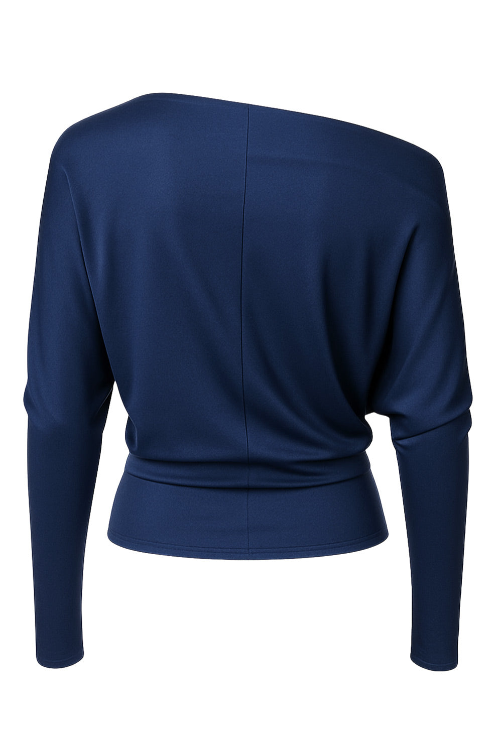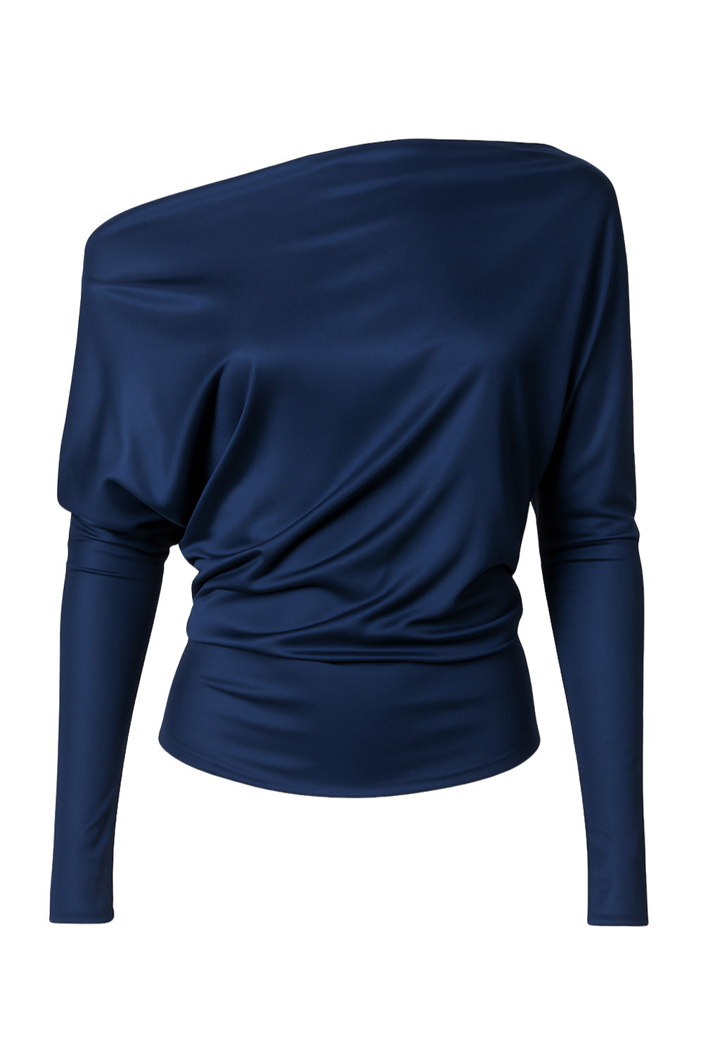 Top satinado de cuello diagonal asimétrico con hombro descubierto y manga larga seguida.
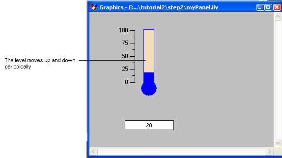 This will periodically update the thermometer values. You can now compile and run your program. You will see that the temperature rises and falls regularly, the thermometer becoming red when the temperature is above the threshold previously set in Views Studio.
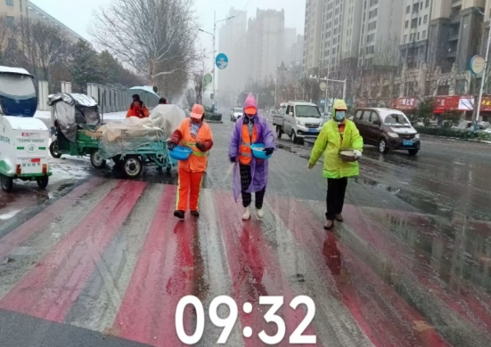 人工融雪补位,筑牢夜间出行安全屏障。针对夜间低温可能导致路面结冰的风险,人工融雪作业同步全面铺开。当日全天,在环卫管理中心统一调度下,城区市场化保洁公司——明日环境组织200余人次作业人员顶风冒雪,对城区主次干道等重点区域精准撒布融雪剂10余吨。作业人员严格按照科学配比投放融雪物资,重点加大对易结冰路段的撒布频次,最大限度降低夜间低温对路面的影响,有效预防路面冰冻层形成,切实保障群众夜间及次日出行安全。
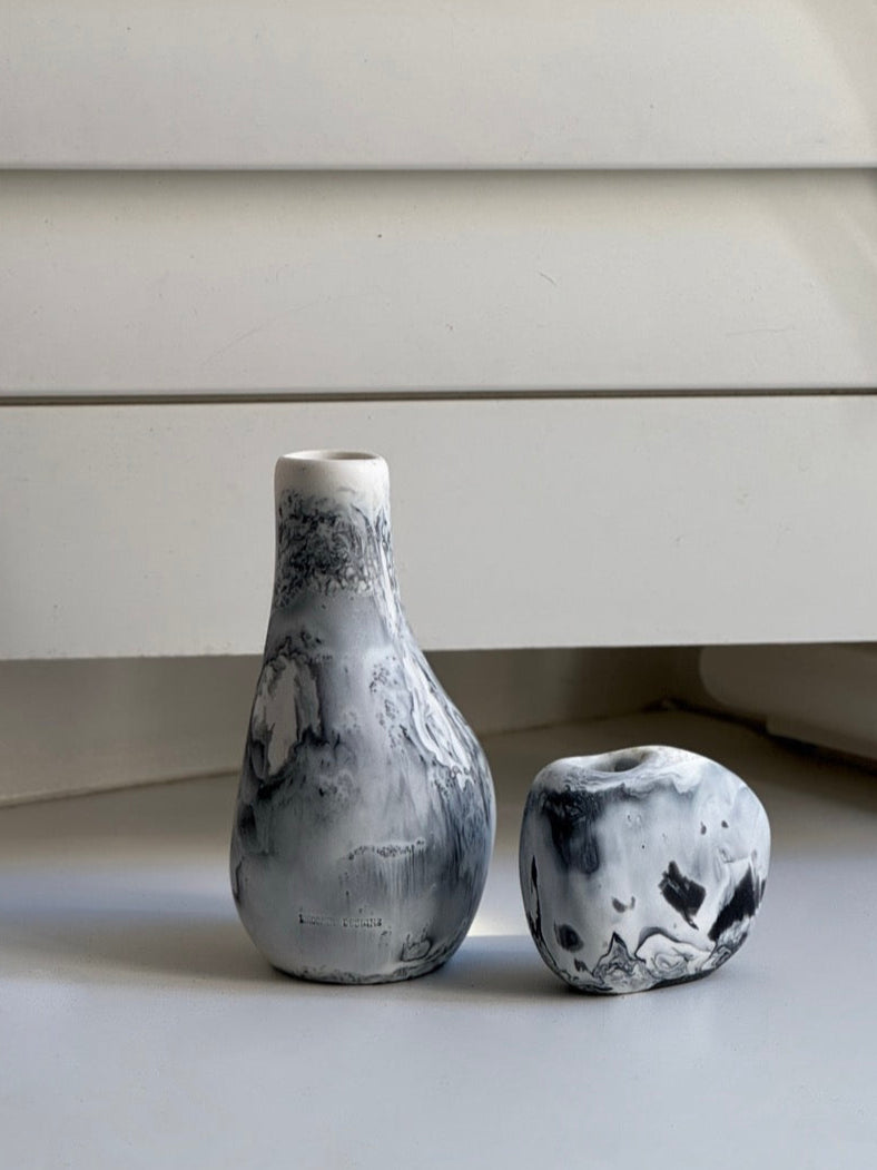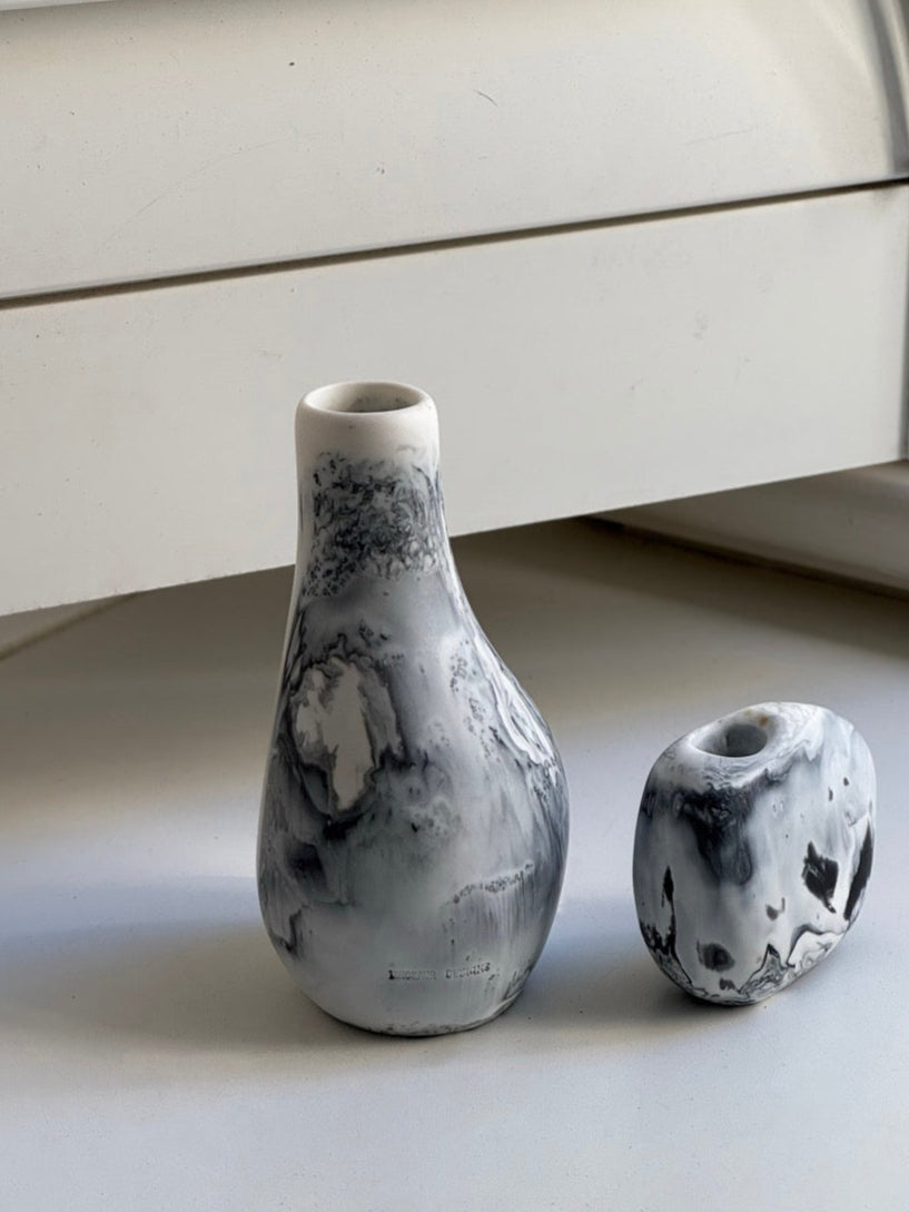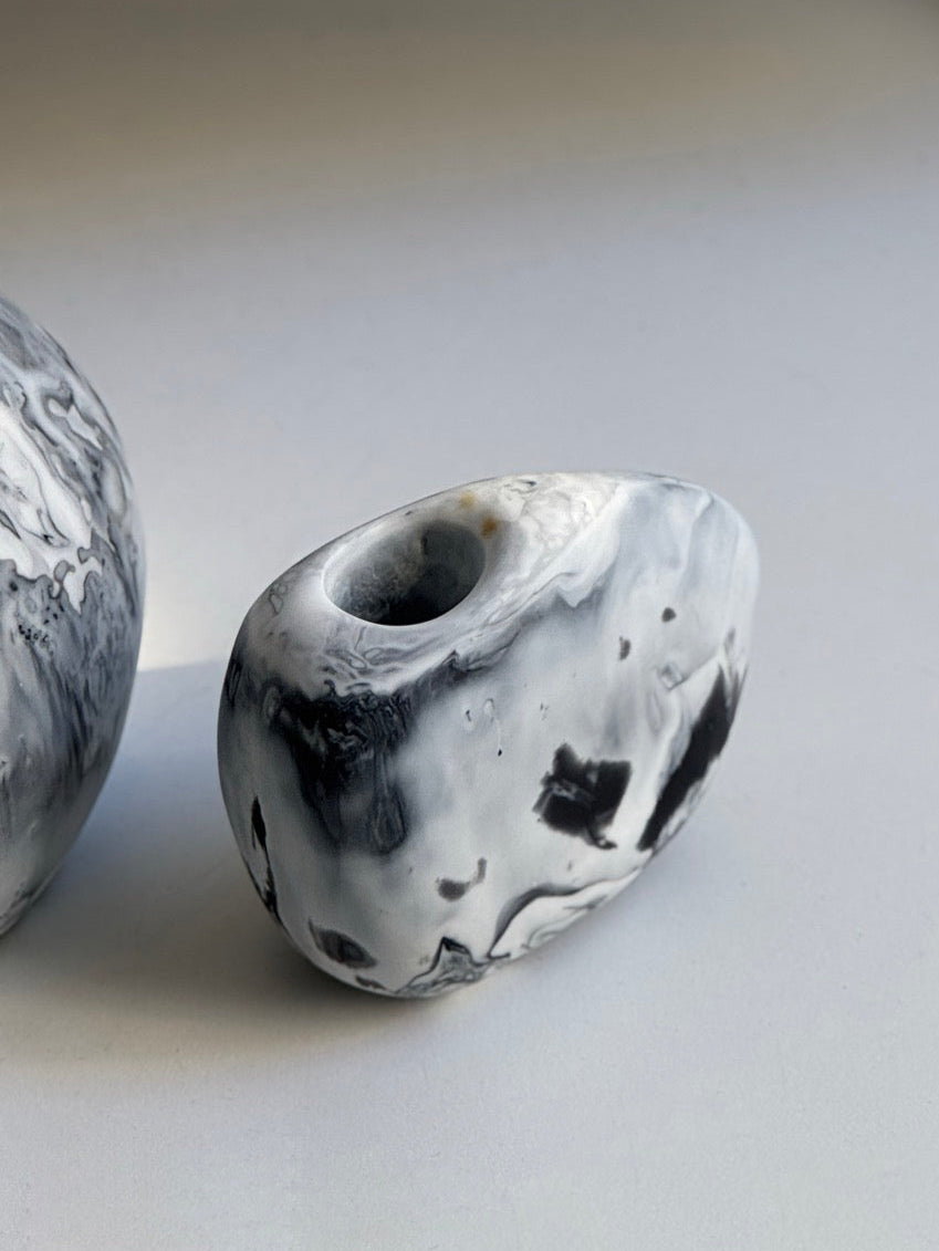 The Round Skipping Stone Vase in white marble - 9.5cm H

==

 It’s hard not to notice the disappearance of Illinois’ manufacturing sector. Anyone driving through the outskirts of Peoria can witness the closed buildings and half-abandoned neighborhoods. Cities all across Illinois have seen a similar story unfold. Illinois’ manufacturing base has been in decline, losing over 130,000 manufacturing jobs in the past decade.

- [What is required]: Reproduce the lines above beginning at the line that contains "This will periodically" and ending at the line that contains "The Round Skipping". No pictures.

- [Exercise answer]:
 This will periodically update the thermometer values. You can now compile and run your program. You will see that the temperature rises and falls regularly, the thermometer becoming red when the temperature is above the threshold previously set in Views Studio.
 人工融雪补位,筑牢夜间出行安全屏障。针对夜间低温可能导致路面结冰的风险,人工融雪作业同步全面铺开。当日全天,在环卫管理中心统一调度下,城区市场化保洁公司——明日环境组织200余人次作业人员顶风冒雪,对城区主次干道等重点区域精准撒布融雪剂10余吨。作业人员严格按照科学配比投放融雪物资,重点加大对易结冰路段的撒布频次,最大限度降低夜间低温对路面的影响,有效预防路面冰冻层形成,切实保障群众夜间及次日出行安全。
 The Round Skipping Stone Vase in white marble - 9.5cm H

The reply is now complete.